Kryzys uchodźczy będzie miał wpływ na gospodarkę, ale nie należy zapominać, iż Polski Ład - Drogi Ład zdemolował portfele wielu rodzin. To nie jest tak, że tylko wojna powoduje wzrost inflacji. Inflacja 8,5% to jest inflacja za luty, kiedy jeszcze nie było wojny. Rachunki za gaz i za prąd skoczyły w lutym o kilkadziesiąt procent dla gospodarstw indywidualnych i o kilkaset procent dla firm.
Jeżeli dziś rząd mówi, że potrzeba tarczy antyputinowskiej, to my mówimy: zgoda. Ale to rząd PiS doprowadził do tego, że wiele rodzinom żyje się gorzej, bo mniej zarabiają, a Drogi Ład okazał się nieszczęściem. Jeżeli mówimy, że coś mamy naprawiać, to ta naprawa musi postępować na kilku polach. Oczekujemy przyjęcia propozycji Lewicy dotyczące naprawy Drogiego Ładu. To nie jest tak, że nie będziemy pamiętali o tym co wydarzyło się w styczniu, kiedy to nauczyciele, służby mundurowe i funkcjonariusze publiczni dostali dużo mniejsze wynagrodzenia. Przypominam, że nauczyciele do dziś nie dostali obiecanego wyrównania. Wiele grup społecznych przycichło, bo się boją wojny i to jest normalne, ale portfele są dalej puste.
Dalej to rekordowe ceny paliw. Na światowych rynkach ropa zdrożała o 15-20 procent, a cena benzyny poszła w górę o 50%. Pytamy się czy rząd przypadkiem na tym kryzysie zarabia?
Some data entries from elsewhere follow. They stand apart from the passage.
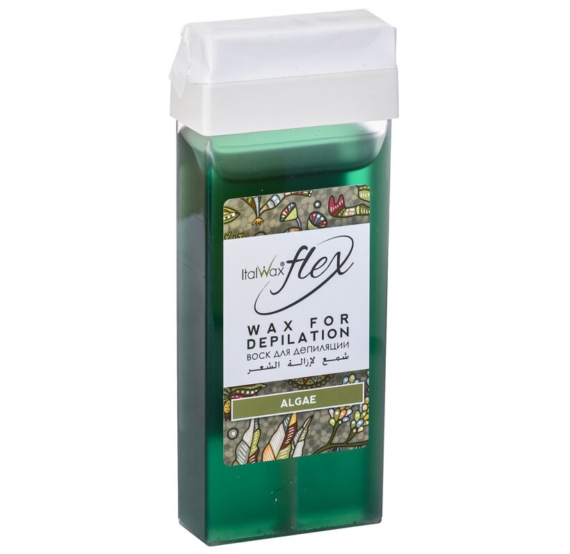 Воск ITALWAX Flex в картридже Водоросли имеет зеленый цвет и содержит экстракт ламинарии, который известен своими увлажняющими свойствами.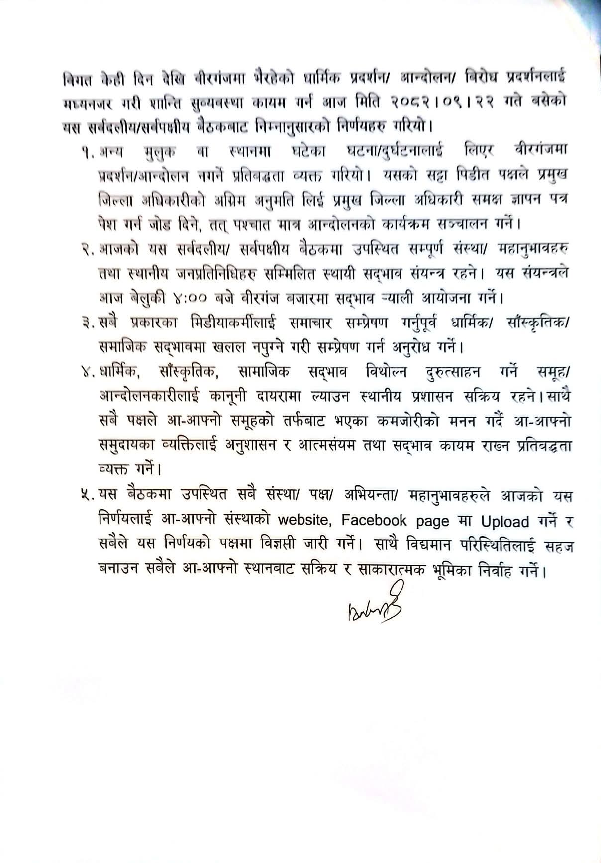 वीरगन्ज । धनुषाको घटनालाई लिएर वीरगन्जमा उत्पन्न तनाव कम गर्न र सामाजिक सद्भाव कायम राख्न जिल्ला प्रशासन कार्यालय पर्सामा बसेको सर्वपक्षीय बैठकले महत्त्वपूर्ण निर्णयहरू गरेको छ ।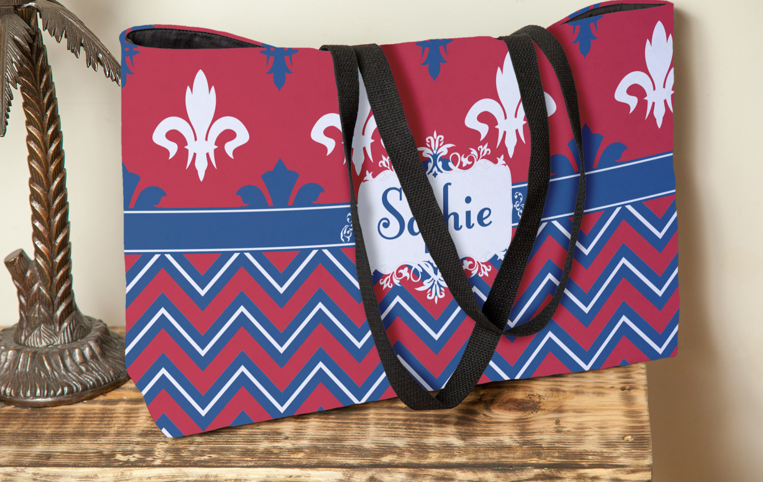 These beach totes are handmade here in the USA. Fabric is printed with your design. The tote is then sewn from the fabric pieces, lining and handles added.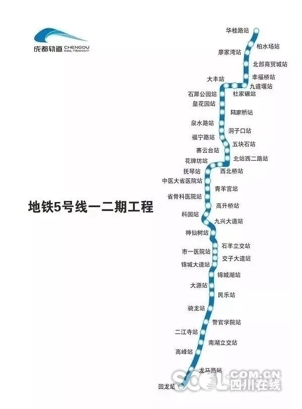 北起新都區(qū)香城大道南側(cè)華桂路站,向南止于回龍站。線(xiàn)路全長(zhǎng)49.02公里,共設(shè)車(chē)站41座,其中地下站36座,高架站5座。

Pytamy się, dlaczego rządzący chcą powołać na drugą kadencję szefa NBP Adama Glapińskiego. Czy to jest właściwy człowiek na właściwym miejscu? Nie! Glapiński zawiódł w sytuacji, w której polska gospodarka przykucnęła, a on jej podciął nogi i sprowadził ją na glebę.
Polski rząd zawodzi na polu gospodarki, w tej sprawie nie da się zwalić całej winy na inwazję na Ukrainę, bo to jest po prostu nieuczciwe. Czas powiedzieć, że rząd abdykował na polu gospodarczym i wszystko zwala na kryzys związany z wojną.